The Art of Not Drowning
My palms were sweating so bad I could barely grip my phone. Across the pool, Jake was laughing at something Taylor said, tilting his head back like he was in a toothpaste commercial. I'd been functioning on three hours of sleep—thanks, zombie apocalypse marathon—and I was definitely not ready for the party of the century.
"You good?" Maya appeared beside me, holding two sodas. "You look like you've seen a ghost. Or like you're about to become one."
"I'm fine," I lied. "Just peachy. Totally normal human behavior."
She snorted. "You've been staring at Jake for twenty minutes. Either make a move or I'm doing it for you."
"I can't just—"
"Listen." She set down the sodas. "My cousin Lexie says the best way to get someone's attention is to be unpredictable. Be mysterious. Be a fox."
"A fox."
"Sly, clever, impossible to ignore. That's the vibe."
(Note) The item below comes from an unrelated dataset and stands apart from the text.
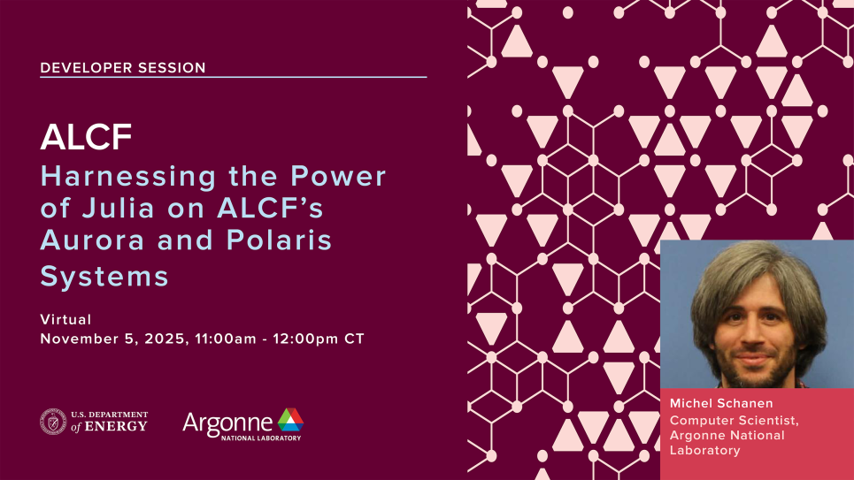 Join us on November 5, 2025, for a webinar on leveraging the Julia programming language on ALCF's leadership-class systems, Polaris and Aurora. Argonne's Michel Schanen will present the current status and best practices for using Julia to accelerate scientific discovery on next-generation hardware.

Before I could respond, the sky cracked open. Lightning splintered through the clouds like broken glass, illuminating everything in this stark, sudden flash. Someone screamed—okay, maybe it was me—and suddenly the party chaos escalated. Everyone scrambled for the covered patio while rain started hammering down in these huge, dramatic drops.
Jake grabbed my arm on the way past. "You coming?"
My brain short-circuited. "Yeah. Yeah, I'm—"
Then Taylor yelled, "LAST ONE IN THE POOL IS A ROTTEN EGG!" and suddenly people were diving in fully clothed, shrieking and surfacing like dolphins, and Jake was already halfway there, grinning back at me like this was the most normal thing in the world.
So I jumped.
The water was shockingly cold, electrifying, and I surfaced to laughter and rain and Jake right there saying, "You're actually insane," and for the first time all night, I wasn't overthinking every microscopic movement. I was just swimming in the rain while lightning turned the sky purple-white, feeling more alive than I had in weeks.
Maybe being a fox wasn't about being mysterious. Maybe it was about jumping in anyway.